Temperature Excursion Documentation
When storage conditions deviate from the specified range, sites are required to document the event and report it. NIAID’s Temperature Excursion Form (Form L) captures the required storage temperature, the actual temperature the product was exposed to, the duration of the excursion, and any comments about the circumstances. The sponsor or manufacturer then evaluates whether the product remains usable based on stability data. Your site’s pharmacy manual or standard operating procedures should outline the exact steps: who to notify, what forms to complete, and whether to quarantine the affected product while awaiting a decision.
Controlled Substance Requirements
If the investigational product is a controlled substance, additional physical security requirements apply. FDA regulations specify that the investigator must store the drug in a “securely locked, substantially constructed cabinet, or other securely locked, substantially constructed enclosure, access to which is limited.” This is separate from temperature and stability requirements. It is a security measure to prevent theft or diversion. The protocol or pharmacy manual should specify how these security requirements integrate with the trial’s other storage procedures.
Storage in Decentralized Trials
When investigational products are shipped directly to a participant’s home, storage requirements become more complex. FDA guidance on decentralized clinical trials notes that drugs best suited for direct-to-participant shipment are those with “good stability profiles,” while products requiring specialized handling, shipping, or storage conditions may not be appropriate for home storage.
Sponsors are expected to address in trial documents how the physical integrity and stability of the product will be maintained during shipment, including appropriate packaging materials and temperature control methods. Participants must receive clear instructions for storing the product at home and returning unused supplies. Some trials use Interactive Response Technology (IRT) systems with specialized modules that monitor temperature-sensitive shipments in real time and flag excursions across all sites and depots, including home delivery locations.
Where to Start Looking
In practice, the fastest path to finding storage requirements depends on your role.
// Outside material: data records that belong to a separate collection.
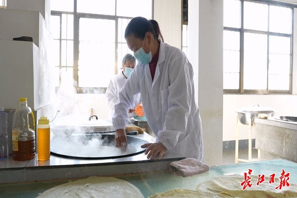 走进体验馆,工作人员正将混合黄豆、大米磨成的米浆浇在铁锅里,只见手腕轻转,瞬间便摊成一张柔韧薄皮,裹上腌菜即可食用。朝阳村妇女委员艾文静介绍:“游客来了不仅能尝鲜,还能亲手体验制作过程。”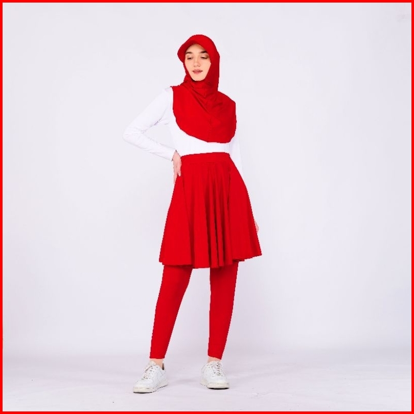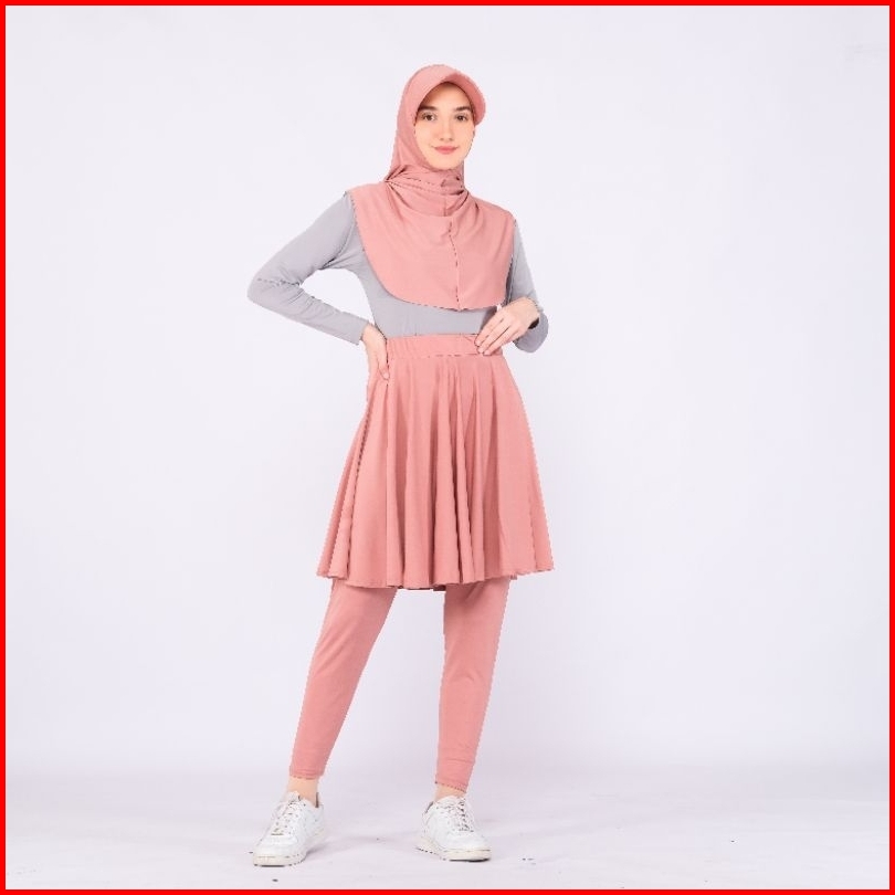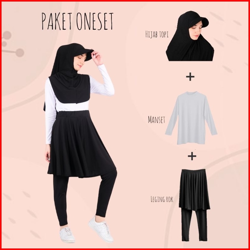 Paket Setelan Sport Leging Rok Hijab Topi Dan Manset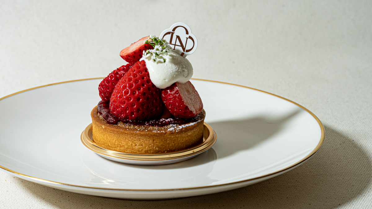 こちらは季節限定かつ不定期販売という「あまりんのタルト」972円。埼玉県の和銅農園で大切に育てられた新品種のイチゴ・あまりんの力強い甘みを生かすため、マスカルポーネ入りのシャンティ、クリームディプロマットなどを組み合わせたタルトです。
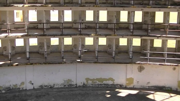 Заключённых туда выводили поочерёдно и схема была очень продуманной. Скамьи со столиками стояли концентрическими рядами, лицом к центру, где на башне стояли вооружённые охранники: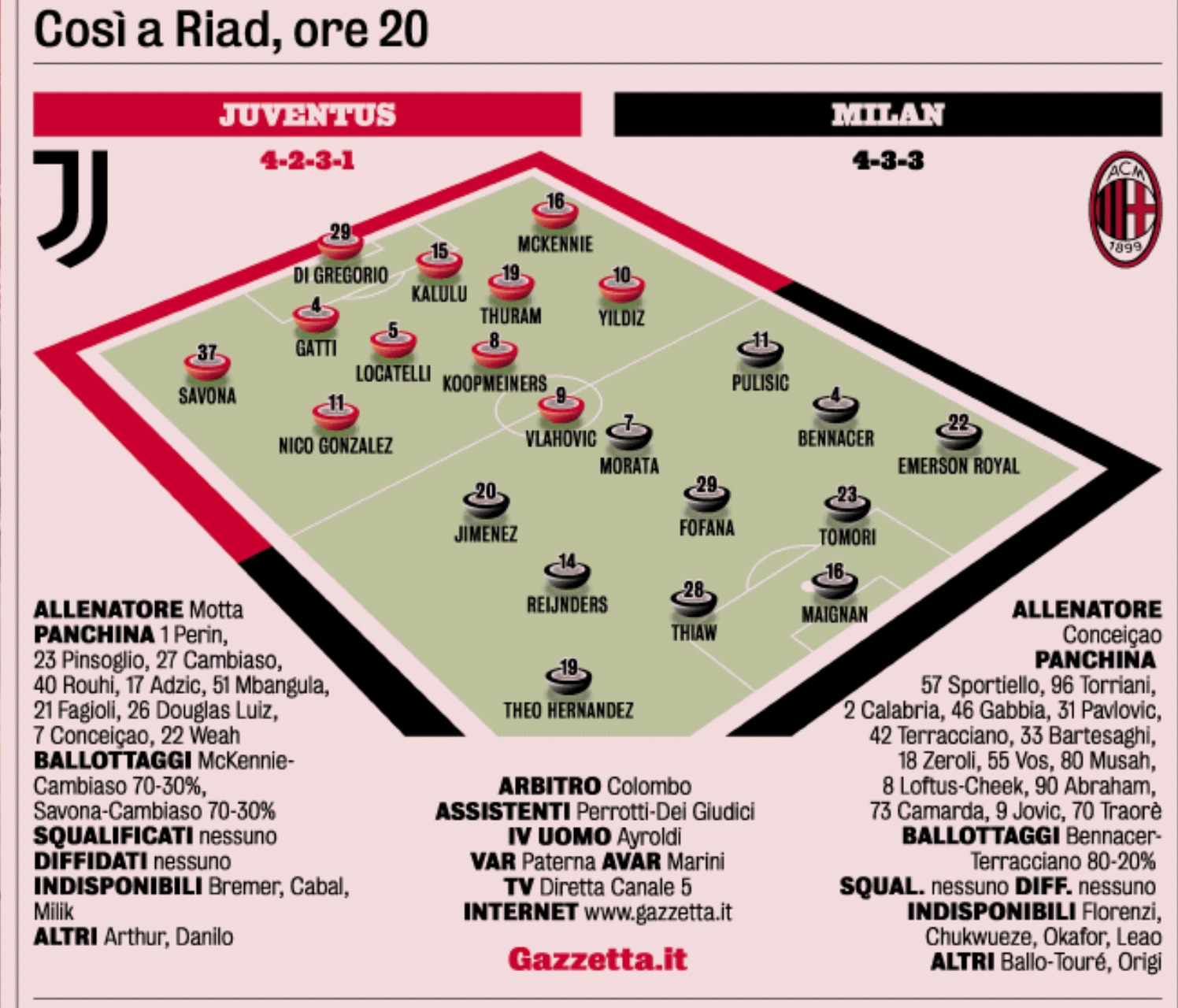 Supercoppa Italiana Juventus-Milan, Sergio Conceicao sconfessa subito Paulo Fonseca. Le scelte (fonte immagine La Gazzetta dello Sport)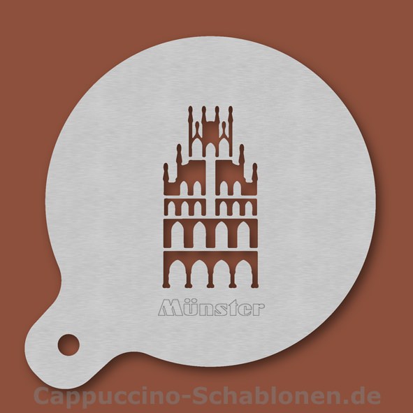 Cappuccino-Schablone Münster Rathaus mit Text (Lasergravur), Außendurchmesser 120 mm, Motivdurchmesser ca. 70 mm, aus Edelstahl mit Handgriff und integriertem Aufhänger, spülmaschinengeeignet, Lieferung in Verkaufsverpackung mit Kartoneinlage und Bedienungsanleitung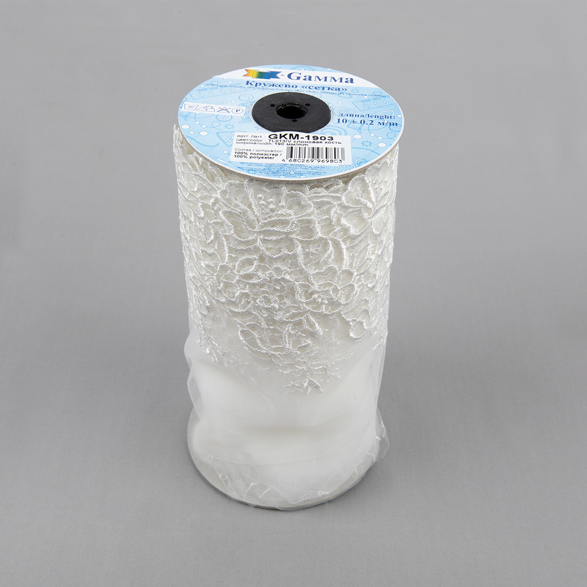 Кружево на сетке 190 мм / 10 м, слоновая кость, Gamma GKM-1903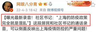 昨天晚上听到个录音,有上海市民打电话给社区防疫负责人求助,说她居住的地方有两例阳性,阳性人员暂时处于“居家隔离”状态,她反复问居委会的人什么时候能把确诊人员接走(集中隔离),她家已经两三天连门都不敢开了。本来是求助的,但社区书记还没等她说完就开启反诉苦模式,表示同情她但无能为力。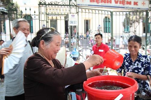 Tại trước cửa Bệnh viện K Trung ương (Quán Sứ - Hà Nội), từ 8 giờ sáng đến khoảng 10 giờ sáng ngày 5/6, bà Thủng đã phát hết khoảng 50 lít nước vối cho những người dân lao động, người bệnh và người nhà bệnh nhân.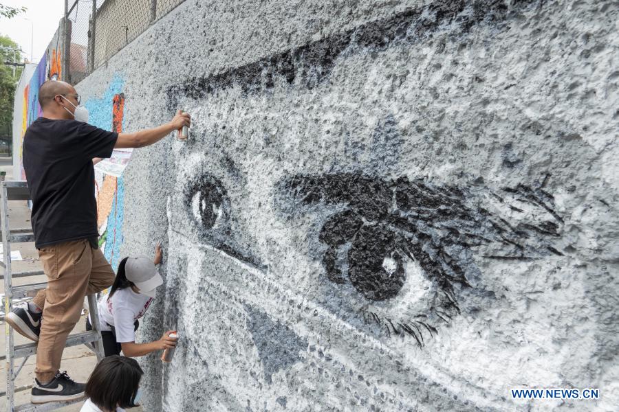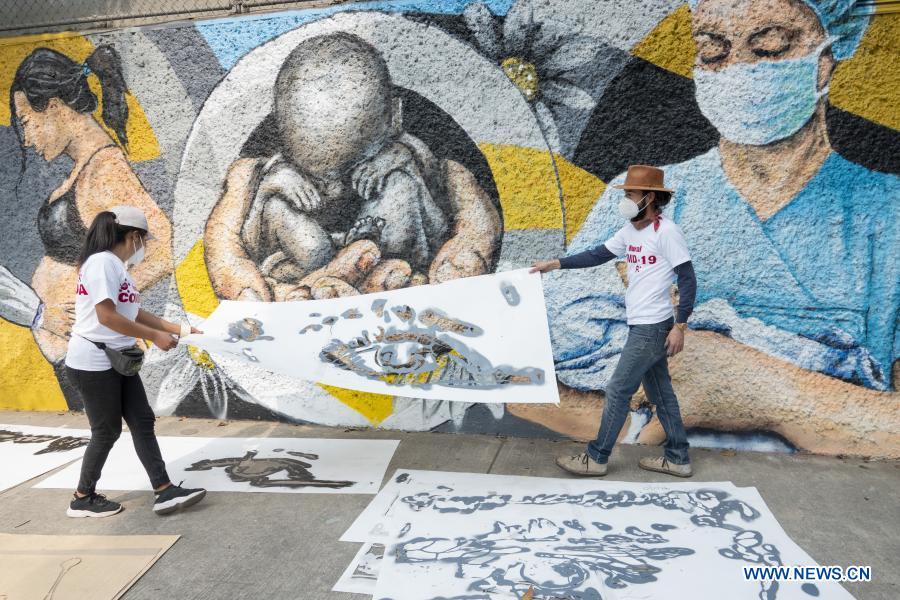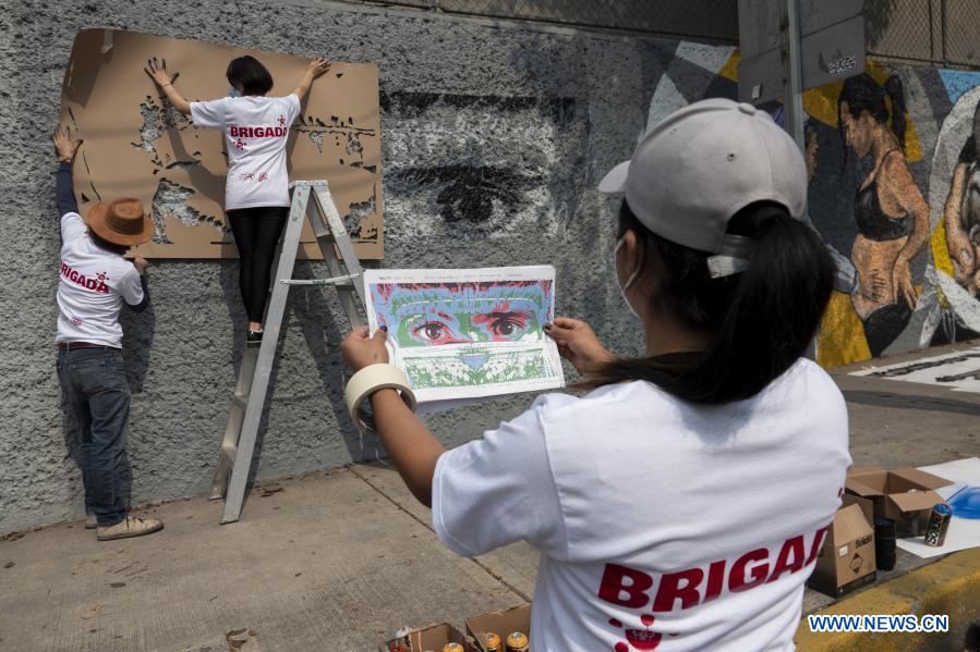 CIUDAD DE MEXICO, 7 diciembre, 2020 (Xinhua) -- Alumnos y docentes de la Facultad de Artes y Diseño de la Universidad Nacional Autónoma de México elaboran un mural en las paredes de la Escuela Nacional de Enfermería y Obstetricia como un homenaje a las enfermeras y enfermeros que están combatiendo la pandemia de la enfermedad causada por el nuevo coronavirus (COVID-19), en la Ciudad de México, capital de México, el 7 de diciembre de 2020. Autoridades de América Latina insisten en el llamado a la población de mantener, y si es necesario extremar, las medidas contra la COVID-19 ante el incremento de casos y muertes en las últimas semanas y más aún con la proximidad de las fiestas de Navidad y Fin de Año.(Xinhua/Luis Licona)

If you are setting up a new site, start with the protocol and the IB, which together give you the scientific basis and operational framework. If you are handling product day to day, check the pharmacy manual and the container label. If you are preparing for a monitoring visit or audit, make sure your accountability logs and any temperature excursion forms are complete and match the requirements laid out in the protocol. All of these documents should be organized in your site’s regulatory binder or trial master file, with locations tracked using an essential documents table so nothing is missing when an auditor asks.